FO.RM

That didn’t exactly go according to plan. The weekend away was scuppered the moment I had to collect and sign for a package on Saturday morning. Inside were the contracts to sign for Monday, a massive great company handbook to read, along with all manner of forms that had to filled out in advance, and a list of the documentation to take with me.

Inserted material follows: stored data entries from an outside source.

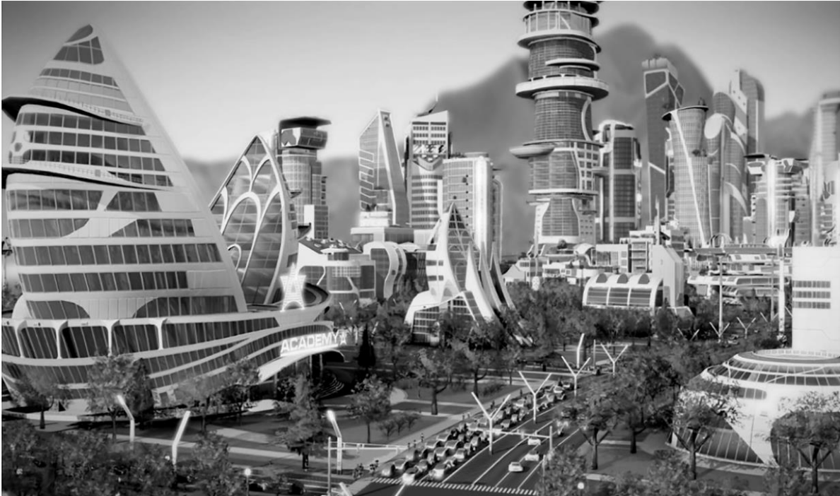
Figure 4. Screenshot of a city in SimCity (Electronic Arts Inc., 2019)

the real world. One of the studies we examined used SimCity in an urban geography course and investigated the game's potential for enhancing students geographic creativity (Kim & Shin, 2016).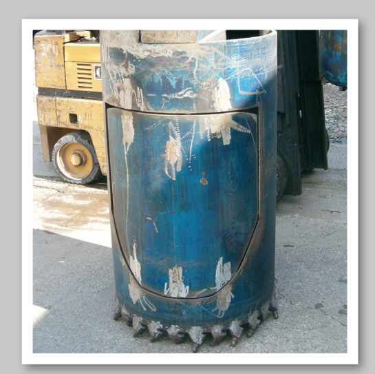
Clam-Core & Coring Buckets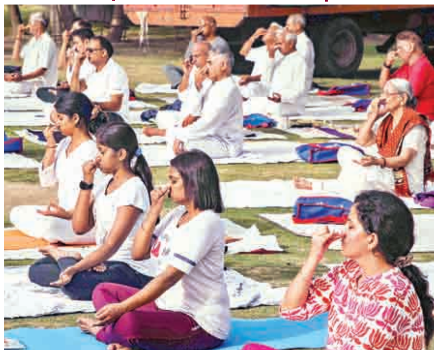
People do yoga at Triphala Park, in Noida, Sunday.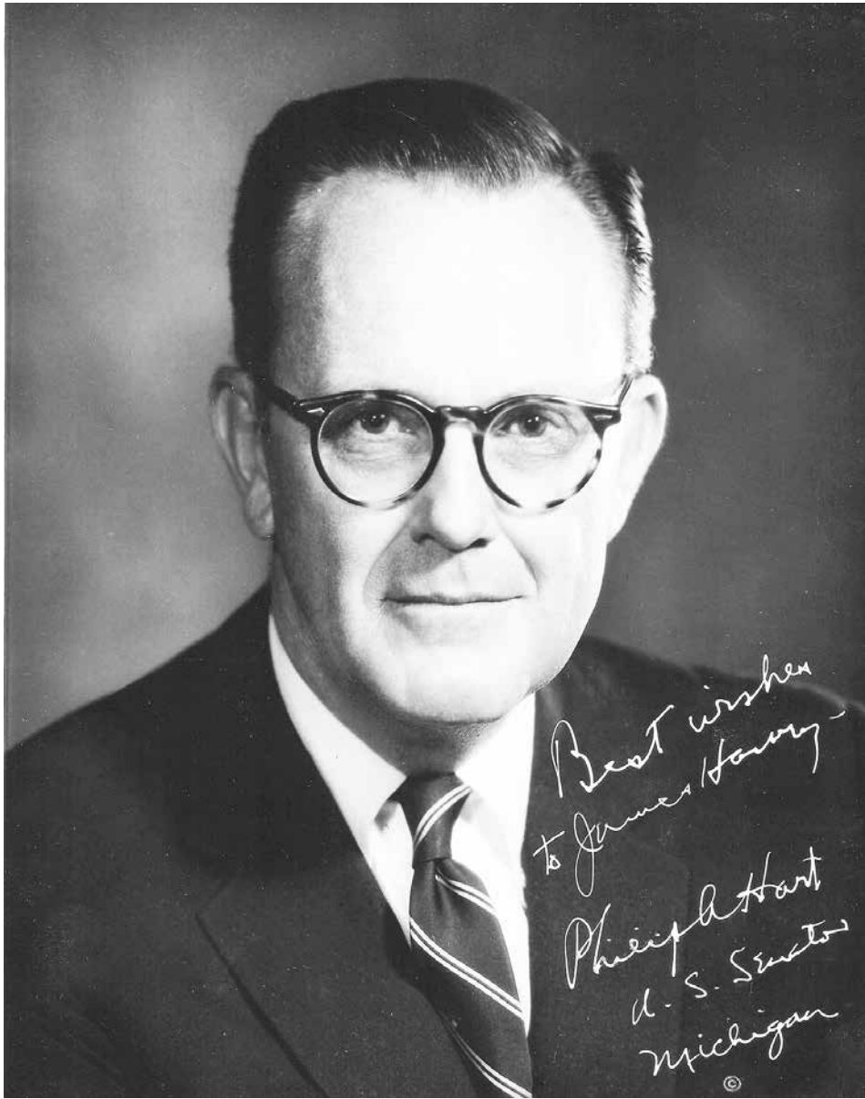
FROM THE AUTHOR’S PERSONAL COLLECTION.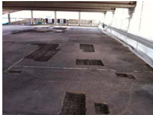
Fig. 3: Corroded areas prepared for patching

The risk of corrosion throughout a parking structure can vary greatly depending on the location and exposure conditions. In many cases, a single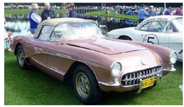
This is one of two existing 1956 SR-1 Corvettes. It was built with racing components to satisfy production requirements for the 12 Hours of Sebring.

Ordinarily, this would be easy. In the flat are three four-drawer filing cabinets filled with just about everything relating to my life and work, from the birth certificate and exam certificates to hard copies of script drafts and magazine articles and the published issue. Along with contracts and correspondence from previous companies, and even schedules from all the commercials, there is one cabinet dedicated to various reference on all manner of subjects from before the availability of the internet.

The material requested should have been an absolute doddle to find, especially since there’s a word document on the computer that lists the contents of every drawer of each filing cabinet. The bottom drawer of the middle cabinet should have provided everything I need. Except there was one tiny drawback.

When I moved flat everything had to come out of the cabinets and be boxed up for the journey. Once I was settled here, it took long enough getting five bookcases worth of books and DVDs back on the shelves. With the three cabinets I just stuffed the files back in the drawers with less care and attention.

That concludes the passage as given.